**Task statement:** Within the entries below, find the portion that opens with the line containing "旦羅(右一)參與關愛空巢老人公益活動。圖由受訪者提供" and closes with the line containing "エンジンオイルの漏れと足回りからの異音でご入庫です。". Retype that portion exactly and only.

**The input:**
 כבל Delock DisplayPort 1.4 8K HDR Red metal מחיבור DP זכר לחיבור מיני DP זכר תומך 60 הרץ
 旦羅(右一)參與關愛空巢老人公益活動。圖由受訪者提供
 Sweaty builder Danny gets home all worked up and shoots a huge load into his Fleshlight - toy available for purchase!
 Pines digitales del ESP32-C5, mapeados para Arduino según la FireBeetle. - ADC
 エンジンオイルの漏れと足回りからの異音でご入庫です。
--
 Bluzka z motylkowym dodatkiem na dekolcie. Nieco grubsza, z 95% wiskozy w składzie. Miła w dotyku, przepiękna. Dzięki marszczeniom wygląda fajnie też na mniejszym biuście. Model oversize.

**Solution for this task:**
 旦羅(右一)參與關愛空巢老人公益活動。圖由受訪者提供
 Sweaty builder Danny gets home all worked up and shoots a huge load into his Fleshlight - toy available for purchase!
 Pines digitales del ESP32-C5, mapeados para Arduino según la FireBeetle. - ADC
 エンジンオイルの漏れと足回りからの異音でご入庫です。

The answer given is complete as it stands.